The Key To Building The Sturdiest Gingerbread House

Decorating a gingerbread house is one of the most enjoyable Christmas traditions. Assembling a gingerbread house — not so much. Before you can sit down with your icing and candy to unleash your creativity (and stuff your face with gumdrops), you have to play engineer for a spell, sticking walls, roofs, and little chimney stacks together. If you've done this before, you've likely had to deal with numerous structural failures — walls tumbling down before the icing has dried, roofs caving in on themselves, gingerbread men falling flat on their faces. Many times you'll end up with a mess that more closely resembles a condemned cottage than the grand gingerbread mansions you see on the internet.
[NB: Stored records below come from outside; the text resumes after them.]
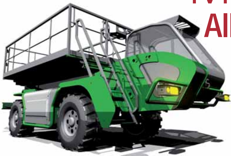
Merlo is launching a new All Terrain aerial lift.

Italian telehandler manufacturer Merlo says it will unveil a host of new products and concepts at Bauma in April including a new All Terrain aerial lift; a 14 metre spider lift; a heavy duty, fixed frame telehandler and a higher capacity Roto telehandler.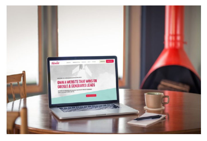
Digital Skyrocket takes advantage of Kinsta's performance to offer their own customers a guaranteed level of responsiveness.

WordPress runs best on processors with high single-core performance. By upgrading hosting services from N1 to C2 instances on Google Cloud, Kinsta's managed WordPress hosting was able to offer all their customers up to 200 percent faster page loads. The faster servers run on 2nd Gen Intel Xeon Scalable processors with high core clock speeds. The new C2 instances offered higher performance, which allowed them to easily scale, running more customers on fewer systems, and allowed them to maintain a leadership position in the market.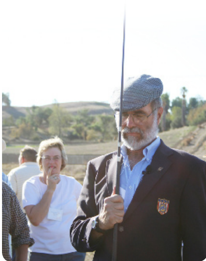
Hardy Performs a perfect salute for the crowd at the ADS Annual meeting.

"I drove her every step of the way, asking asking asking, adjusting adjusting adjusting (it felt like nagging nagging nagging). As we were taking a walk around the perimeter at the end of the workout, on a fairly long rein but still watching every step, a deer dashed out so fast that even I got something of a shock. In the past this horse would have done a 180, but she was totally in my hands and focused on ME. Maybe you can use this in a column sometime. Dressage is not only for performance improvement, it can save your life!"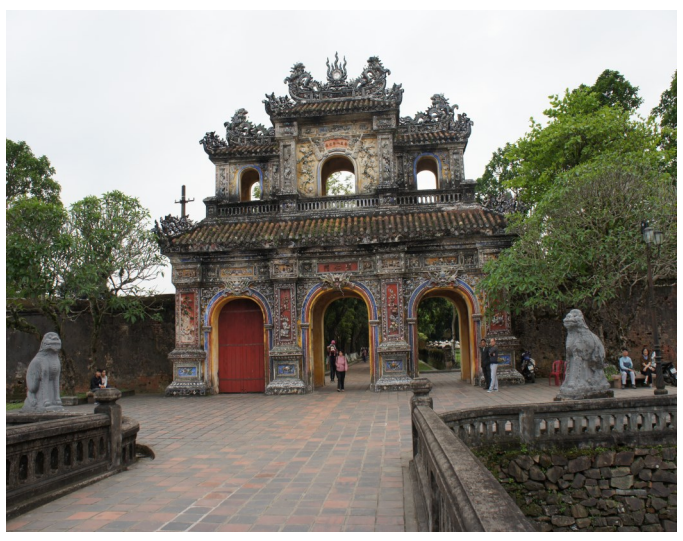
The Citadel, Hue, partially restored after the war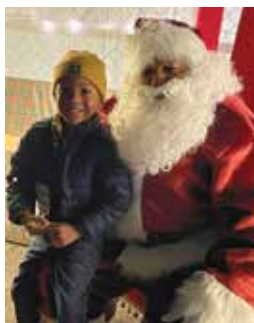
I was in the holiday spirit waiting for our Winter Wonderland event! Santa even stopped by for photos.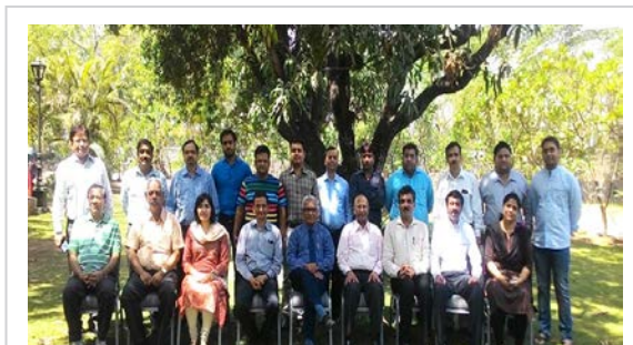
Participants of Leadership Retreat 2016.

The Baroda Management Association organised the leadership retreat 2016 on the theme ‘Making India Manager’ from 11-13 April at the Daman Ganga Valley. The MDP focused on understanding the changed global business scenario, its impact on the organisation and enhancing managerial competence. The programme was well received by the participants.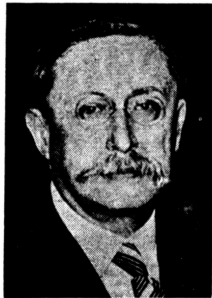
SOCIALIST LEON BLUM "The hour is too grave..."

If he expected radical France to take this pronouncement quietly, M. Daladier was badly mistaken. Two cabinet members quickly resigned. Next day, Socialist Leader Leon Blum, whose cabinet was over-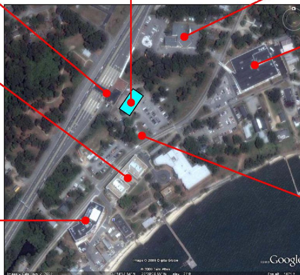
AERIAL VIEW OF VIMS CAMPUS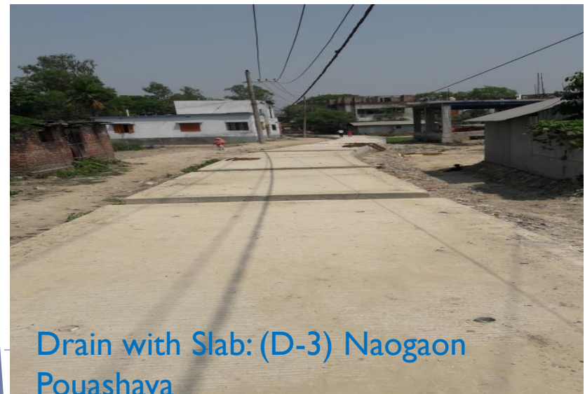
Drain with Slab: (D-3) Naogaon Pourashava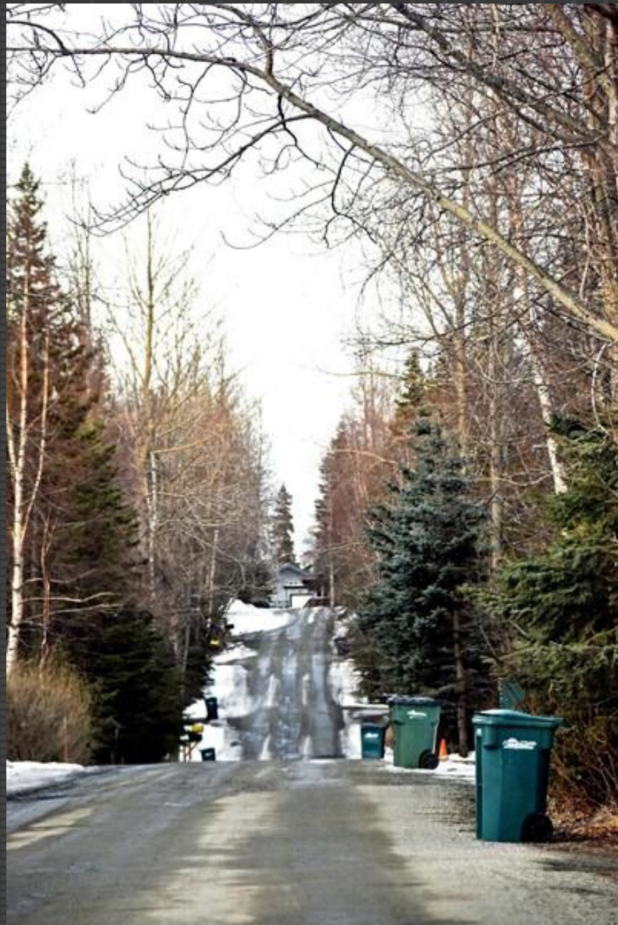
701b-Jim Somerville – Bins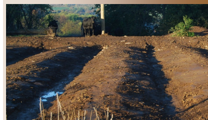
Shaping of woodchip pad subgrade to encourage drainage.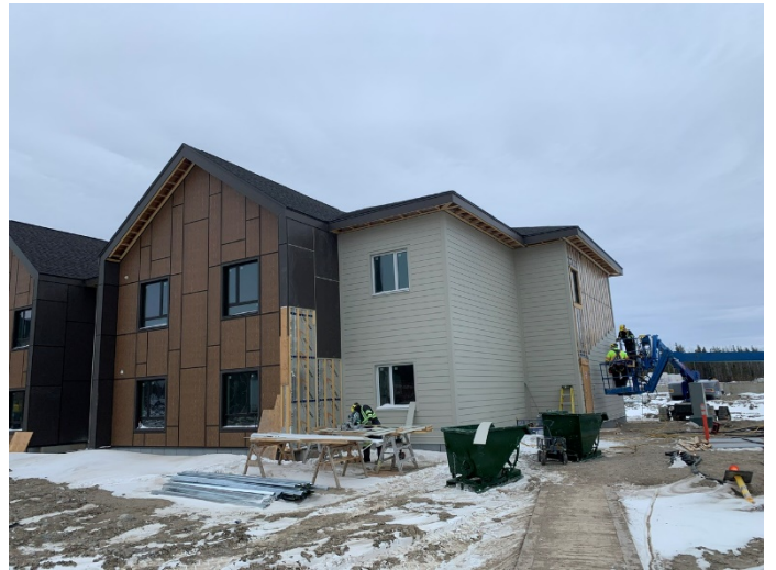
Exterior Progress - South East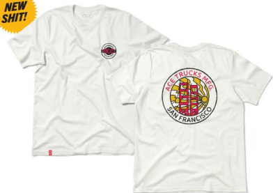
SKATE CITY WHITE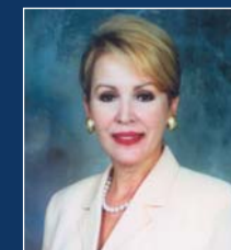
Rep. Nita Hutter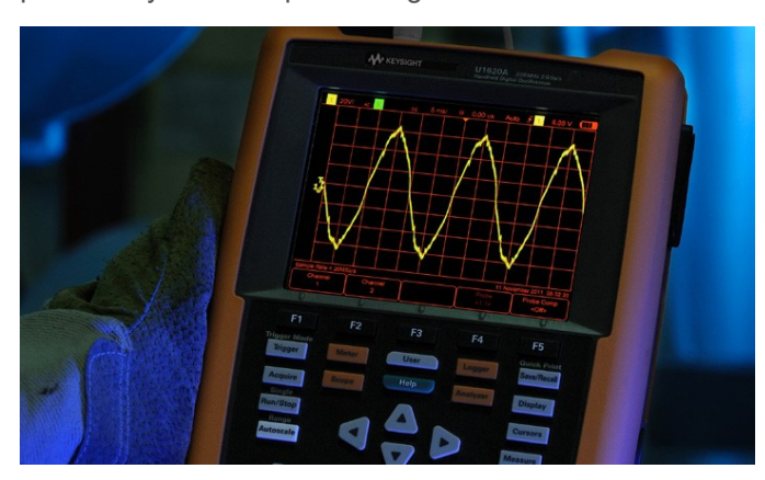
Figure 3. Night vision mode for performing tasks in a poorly lit environment

The night vision mode is tailored to be viewable under subdued lighting by enabling high contrast levels between the screen background and waveforms. With a single press of button, this mode is activated, and the screen automatically adjusts with proper color correction-creating clear contrasts between the wave- forms against the dark environment. This mode is useful when measuring high speed signals, particularly in non-repetitive signals.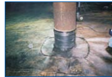
Leakage Repairs Using a High Density Polyethylene Liner. District of West Vancouver Upper Nelson Reservoir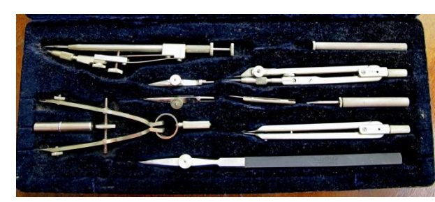
Knut's Drafting Tools

Some books that didn't sell at our silent auction in December were offered to students in Nordkap's Norwegian language class. The students eagerly snapped up several volumes written by Norwegian authors or about Norwegian subjects,

We want to save you from that fate, and the first thing you can do to elevate your holiday hut is to make your own gingerbread. Yes, it takes more time and effort than buying the ready-made kits, but it can make a huge difference, and increase your creative freedom. Popular Science likens store-bought gingerbread to cardboard, and suggests making your own but ditching the leavening agent to produce denser cookie sheets that won't expand in the oven. This type of structure isn't as appealing to the tooth though, so if you plan to eat your gingerbread house at some point, BuzzFeed notes that you can use a normal, leavened dough, then shave the expanded edges down with a microplane grater once they've baked and cooled.

Ditch the icing

Whether you make your own gingerbread or buy a kit, the real challenge begins when you have to stick the pieces together. Most people's first thought is to use royal icing for the job, but that should be saved for decorative purposes only. Popular Science points out that royal icing takes a long time to dry, and when it does, it crumbles with ease. They suggest using melted white chocolate instead, which dries into a very solid state. Because it can dry out quickly, you may need to pop the white chocolate in the microwave to re-melt it as you go, and if you want your gingerbread house to firm up fast, you can put it in the fridge to help it along.
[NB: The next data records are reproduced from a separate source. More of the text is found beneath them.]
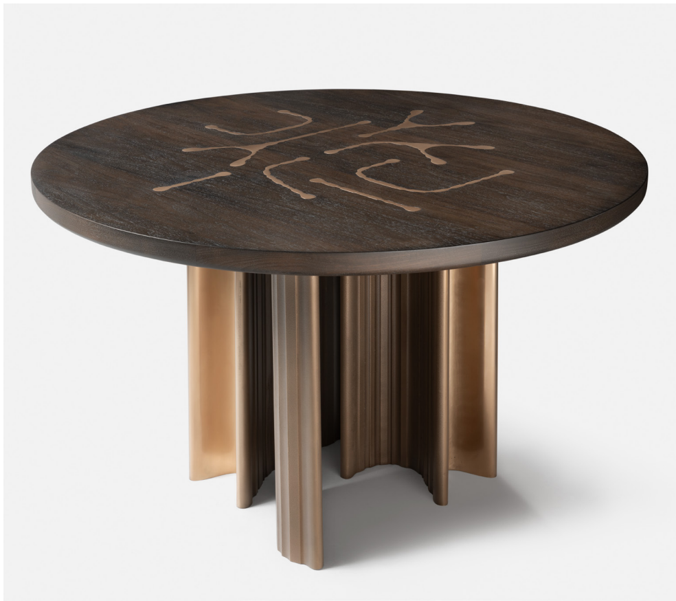
Shown in Natural Bronze and Clove Walnut with Burnished Inlay Shown with custom 52" diameter top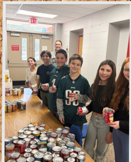
Attitude of Gratitude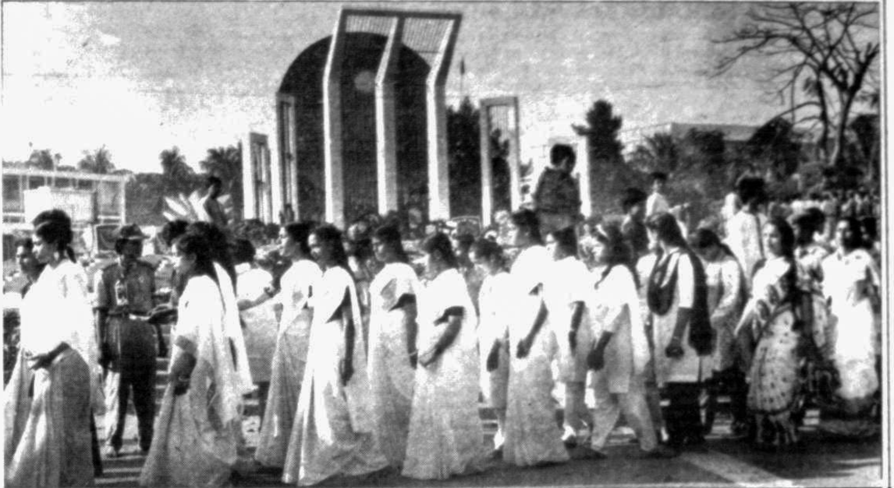
PRABHAT FERY - Barefooted ladies in orderly queue for their turn to pay homage to 1952 language martyrs at Central Shaheed Miner at dawn on Thursday.

Another alternative to using icing is to make a sort of edible glue. NPR interviewed Erica Kahn, a student at the Brown University School of Engineering, who revealed her secret recipe for the ultimate gingerbread binder. Melting marshmallows turns them into sticky cement that also adds some weight to the structure, helping to stabilize it. For spots where you need a lighter binder, Kahn recommends melted gummy bears, which form an epoxy-like glue that spreads on fairly thinly, unlike marshmallow cement or royal icing. The team at NPR put Kahn's methods to the test and built a gingerbread house so sturdy they were able to drop it from a foot in the air without causing any damage. Now that's a Christmas miracle.